(Records drawn from a dataset)
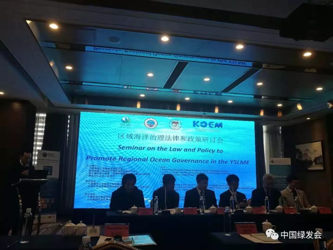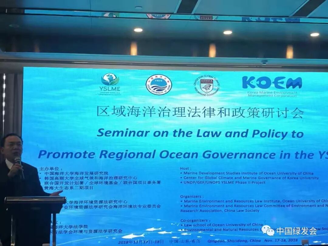 4 l' Z* s$ ~, E 在开幕式环节,黄海大海洋生态系(YSLME) 二期项目管理办公室首席技术顾问郭寅峰先生、中国法学会研究部李存捧部长、韩国高丽大学全球气候与海洋治理中心郑瑞荣教授、中国海洋大学海洋发展研究院庞中英院长分别致辞,中国法学会环境与资源法学研究会副会长兼秘书长、武汉大学法学院副院长秦天宝教授宣布成立中国法学会环境资源法学研究会海洋环境法专业委员会的决定,徐祥民教授为海洋环境法专业委员会主任委员,绿会副秘书长马勇受聘为海洋环境法专业委员会委员。 " t/ s# l0 K5 ^5 [* B
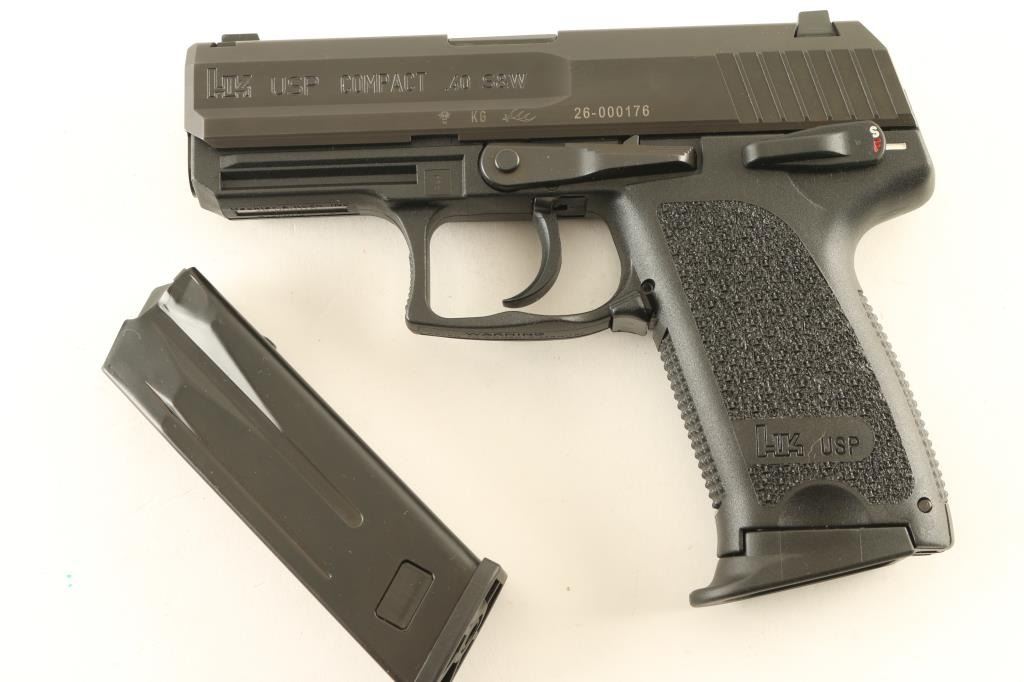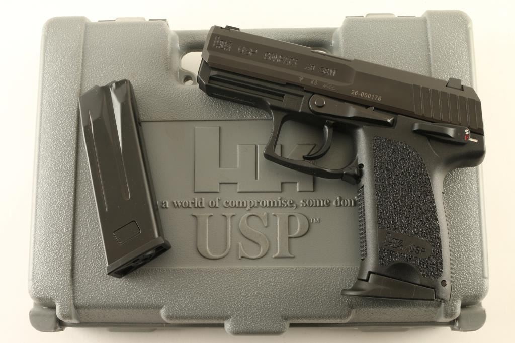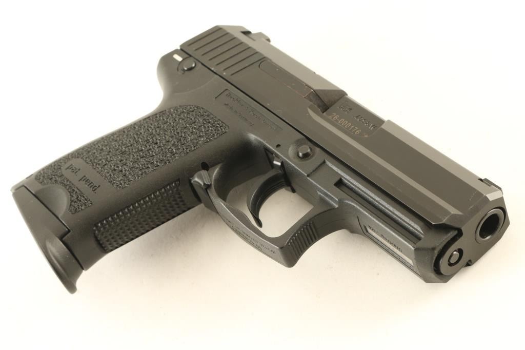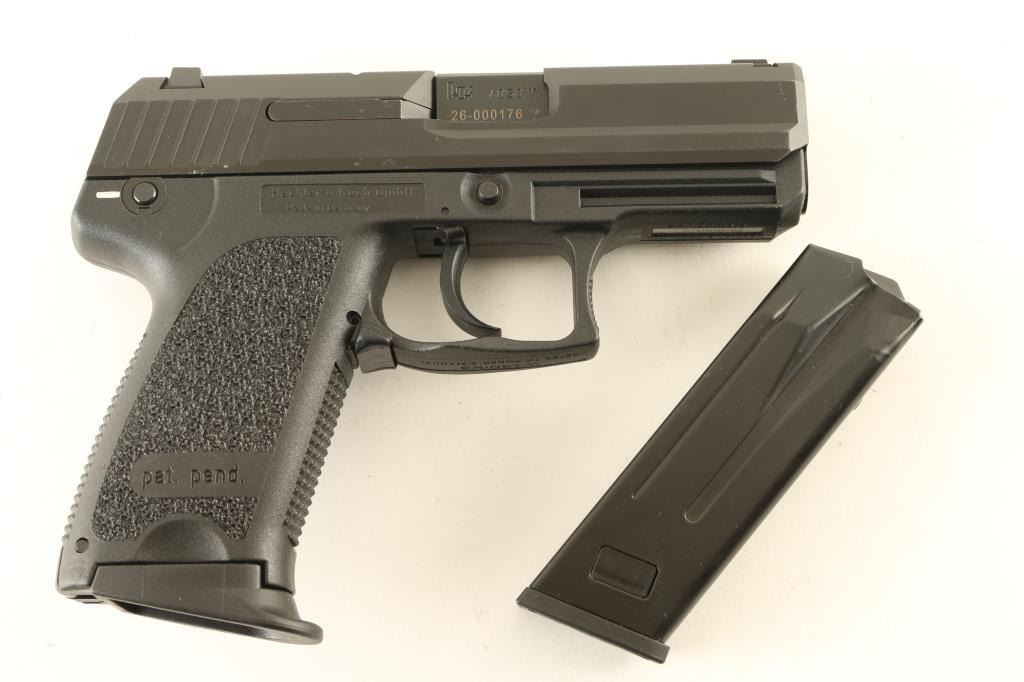 SN: 26-000176 German semiautomatic pistol imported by Heckler & Koch Inc, Sterling VA . Features dovetail mounted 3 dot sights, 3.5" barrel, double/single action, frame mounted safety/decocker, black polymer frame with accessory rail, black steel slide, lanyard attachment point at butt. Bore is in excellent condition. Overall condition is like new with minor handling marks. Includes (2) magazines, manual, HK hard plastic carry case. Condition is NRA Excellent - like new *** Modern Firearm ***
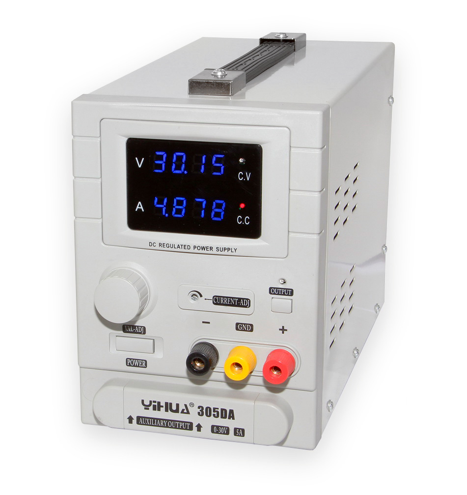 Liniowy precyzyjny zasilacz laboratoryjny z cyfrowymi wskaźnikami i przyciskiem przekaźnikowym do podłączania i odłączania zacisków wyjściowych. Cyfrowe wskaźniki napięcia i prądu mają podziały 10mV i 1mA. Zasilacz jest wyposażony w styki śrubowe do stałego podłączenia zasilanych części obwodu, oprócz konwencjonalnych zacisków wyjściowych dla bananów. Naciśnięcie przycisku OUTPUT odłącza wyjście zasilacza od zacisków i umożliwia zmianę napięcia bez wpływu na zasilany obwód. Tylko w celu rekonfiguracji parametrów zasilacza można ponownie podłączyć napięcie zasilania do obwodu, naciskając przycisk OUTPUT.
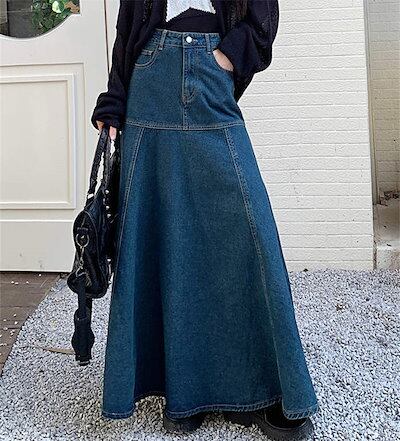 デニム スカート Aラインスカート レディース きれいめ 大人 ボトムス フレアスカート マキシ丈スカート ロングスカート 楽ちん ゆったり カジュアル お洒落 体型カバー ウエストゴム 女子会
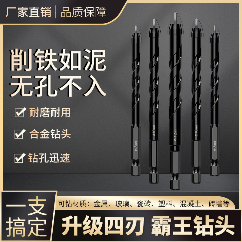 クロスボーダー六角柄黒十字ガラスドリルタイル穴あけドリルセラミック壁アイアウト覇王ドリルセット
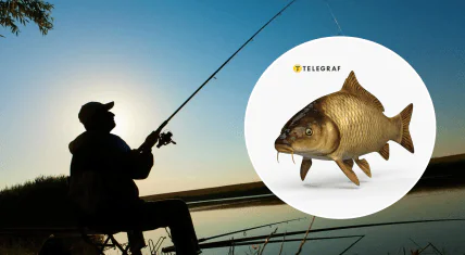 Затем он демонстрирует результат своей "рыбака" — в руках он держит то, что выглядит как большой улов.
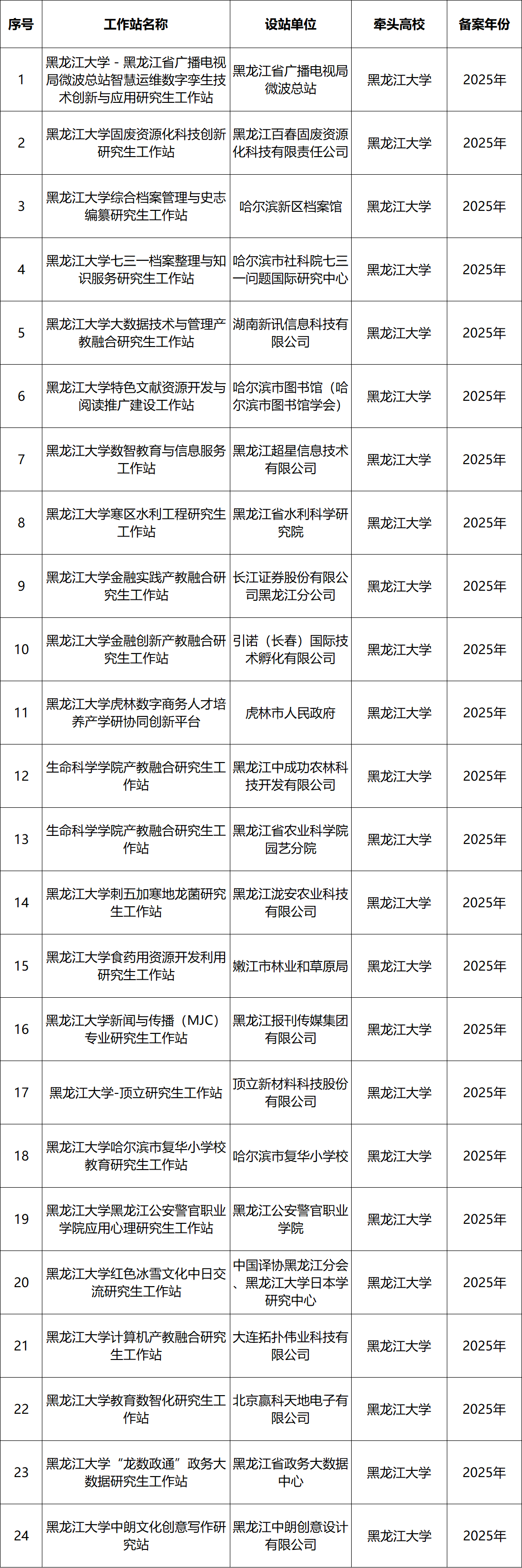 7月15日,我校接到省教育廳《關于備案2025年度黑龍江省產教融合研究生工作站的通知》,通知公布了2025年度黑龍江省產教融合研究生工作站備案名單,全省共備案270個研究生工作站,我校獲批24個。
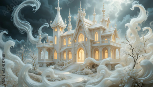 © Afshan, Fototapeta premium Intricate Gothic Mansion Surrounded by Leafless Trees and Wispy Clouds, Creating a Mystical, Ethereal Atmosphere.
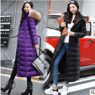 一件代發(fā)批發(fā)2018新款加長款超大貉子毛領(lǐng)過膝羽絨服女大碼羽絨服
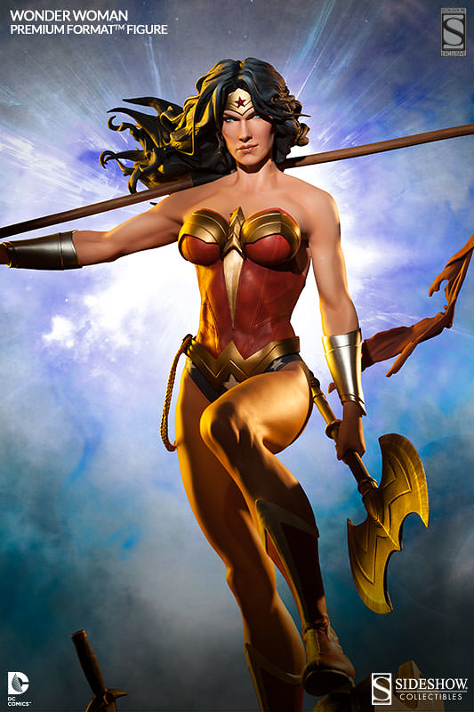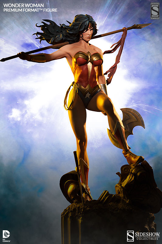 《神力女超人》擁有超人般的神力,蝙蝠俠的智慧,使得她被人們推崇,與超人、蝙蝠俠並列“世上最佳三人組”(The World’s Finest Trinity)。這一款由Sideshow 所推出的雕像,除了忠實呈現Wonder Woman 健美的體魄、美麗的容貌之外,也完整的呈現了的戰鬥民族“亞馬遜”女戰士的堅毅、自信神情。本作將推出兩種不同的版本,普通版與Sideshow 限定版;限定版本將追加一個替換零件,可將持盾手替換為持戰斧的造型。
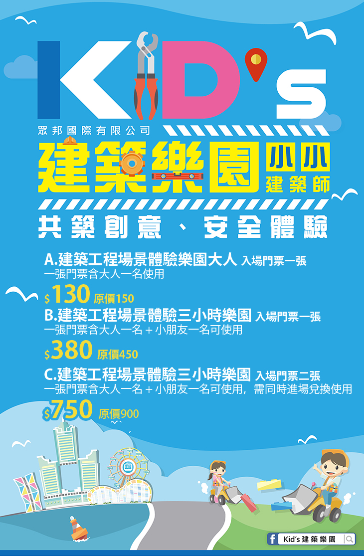 A.建築工程場景體驗樂園大人入場門票一張 / B.建築工程場景體驗三小時樂園-入場門票一張 / C.建築工程場景體驗三小時樂園-入場門票二張
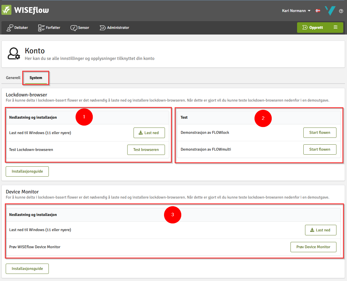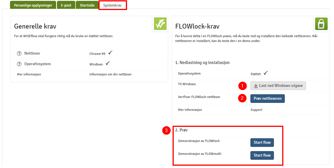 Merk at for å prøve programvaren må dette skje enten på en eksamen eller via "demo" på denne siden eller under "Demoflows" som er beskrive i punktet under. For å kjøre en test, må du også godta programvaren og lukke eventuelle "ulovlige" bakgrunnsprogramvarer som Teams, Outlook, skjermdelingsprogram, etc.
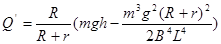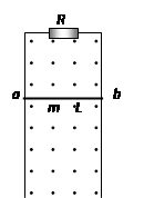 2、计算题  如图所示,竖直放置的U形导轨宽为L,上端串有电阻R,磁感应强度为B的匀强磁场方向垂直于纸面向外.金属棒ab的质量为m,电阻为r,与导轨接触良好,不计摩擦.从静止释放后ab保持水平而下滑,当下滑的高度为h时,达到最大速度.试求:
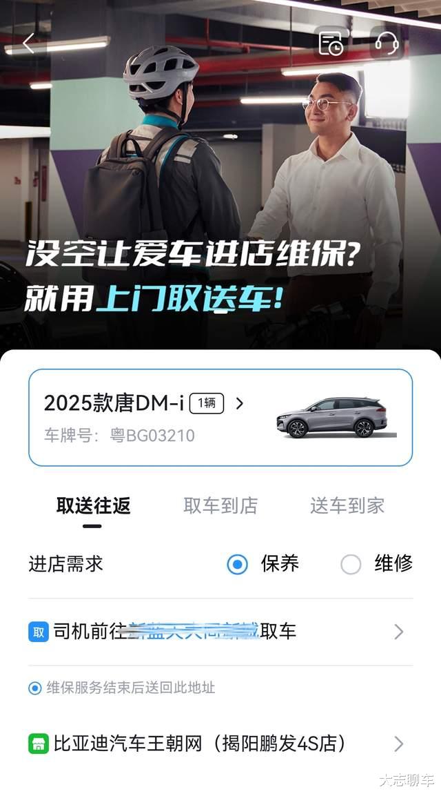 第三个:免费取送车,如果你没时间去4S店保养和维修的话,你可以在手机APP上面点击服务-取送车,让专人帮你把车送到4S店去,不过,这里有个小要求,就是只能在30公里以内才可以,超出30公里后,车主需要自己额外再掏钱,最关键的事情,你还可以让专车司机专门带你一起去,然后你再开车回来,属实是性价比极高的选择。
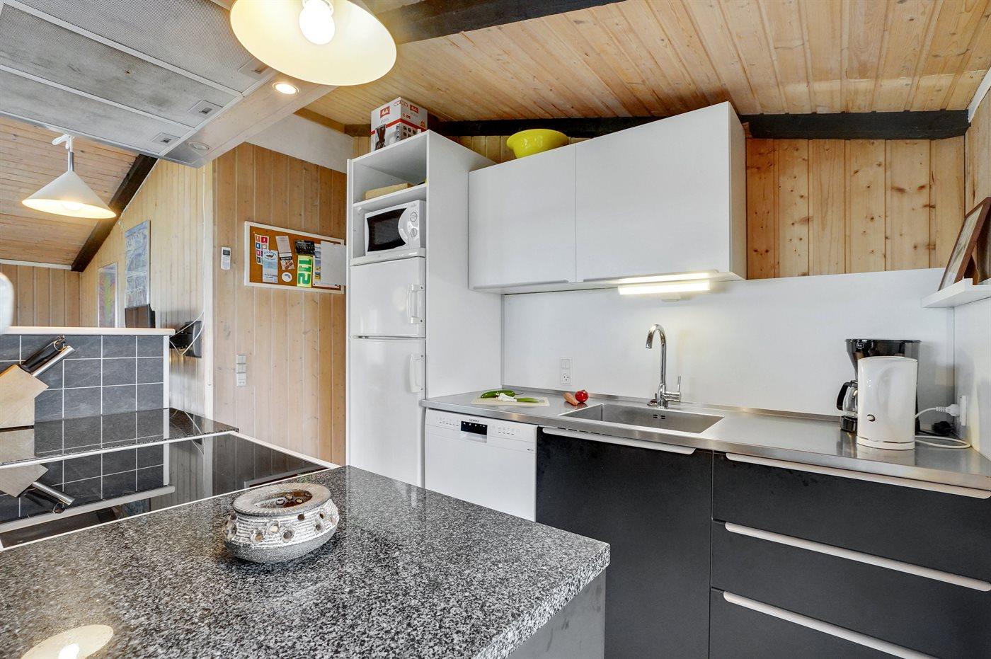 Køkkenet er udstyret med 1 køleskab. Der er 4 keramiske kogeplader, varmluftovn, mikrobølgeovn samt opvaskemaskine.
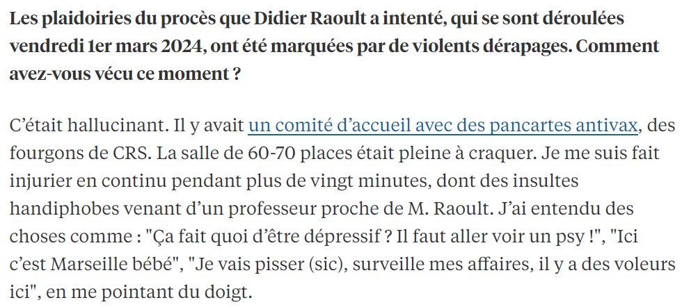 2/ Je vous invite à lire d'abord le récit du procès en première instance intenté par Didier Raoult contre moi. Avec injures de Didier Raoult, menaces contre ma témoin et moi, les gens qui montent sur les bancs... (mon avocat n'avait jamais vu ça).🔽
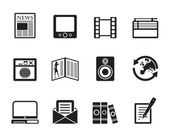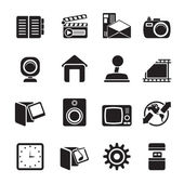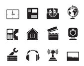 sylwetka telefon komórkowy wydajności, internet i biuro ikony
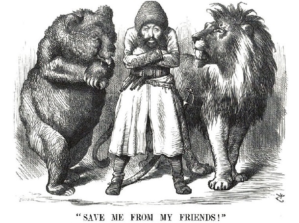 “Salvem-me dos meus amigos!”, lê-se neste cartoon de 1878 sobre “O Grande Jogo” no Afeganistão: O emir afegão Sher Ali Khan ladeado pelo urso russo e pelo leão britânico WIKIMEDIA COMMONS

- [Exercise objective] Reproduce exactly the lines that run from the line holding "World’s Finest Trinity)。這一款由Sideshow" through the final line of the entries, and omit every picture.

- [Output for this exercise]
 《神力女超人》擁有超人般的神力,蝙蝠俠的智慧,使得她被人們推崇,與超人、蝙蝠俠並列“世上最佳三人組”(The World’s Finest Trinity)。這一款由Sideshow 所推出的雕像,除了忠實呈現Wonder Woman 健美的體魄、美麗的容貌之外,也完整的呈現了的戰鬥民族“亞馬遜”女戰士的堅毅、自信神情。本作將推出兩種不同的版本,普通版與Sideshow 限定版;限定版本將追加一個替換零件,可將持盾手替換為持戰斧的造型。
 A.建築工程場景體驗樂園大人入場門票一張 / B.建築工程場景體驗三小時樂園-入場門票一張 / C.建築工程場景體驗三小時樂園-入場門票二張
 Merk at for å prøve programvaren må dette skje enten på en eksamen eller via "demo" på denne siden eller under "Demoflows" som er beskrive i punktet under. For å kjøre en test, må du også godta programvaren og lukke eventuelle "ulovlige" bakgrunnsprogramvarer som Teams, Outlook, skjermdelingsprogram, etc.
 2、计算题  如图所示,竖直放置的U形导轨宽为L,上端串有电阻R,磁感应强度为B的匀强磁场方向垂直于纸面向外.金属棒ab的质量为m,电阻为r,与导轨接触良好,不计摩擦.从静止释放后ab保持水平而下滑,当下滑的高度为h时,达到最大速度.试求:
 第三个:免费取送车,如果你没时间去4S店保养和维修的话,你可以在手机APP上面点击服务-取送车,让专人帮你把车送到4S店去,不过,这里有个小要求,就是只能在30公里以内才可以,超出30公里后,车主需要自己额外再掏钱,最关键的事情,你还可以让专车司机专门带你一起去,然后你再开车回来,属实是性价比极高的选择。
 Køkkenet er udstyret med 1 køleskab. Der er 4 keramiske kogeplader, varmluftovn, mikrobølgeovn samt opvaskemaskine.
 2/ Je vous invite à lire d'abord le récit du procès en première instance intenté par Didier Raoult contre moi. Avec injures de Didier Raoult, menaces contre ma témoin et moi, les gens qui montent sur les bancs... (mon avocat n'avait jamais vu ça).🔽
 sylwetka telefon komórkowy wydajności, internet i biuro ikony
 “Salvem-me dos meus amigos!”, lê-se neste cartoon de 1878 sobre “O Grande Jogo” no Afeganistão: O emir afegão Sher Ali Khan ladeado pelo urso russo e pelo leão britânico WIKIMEDIA COMMONS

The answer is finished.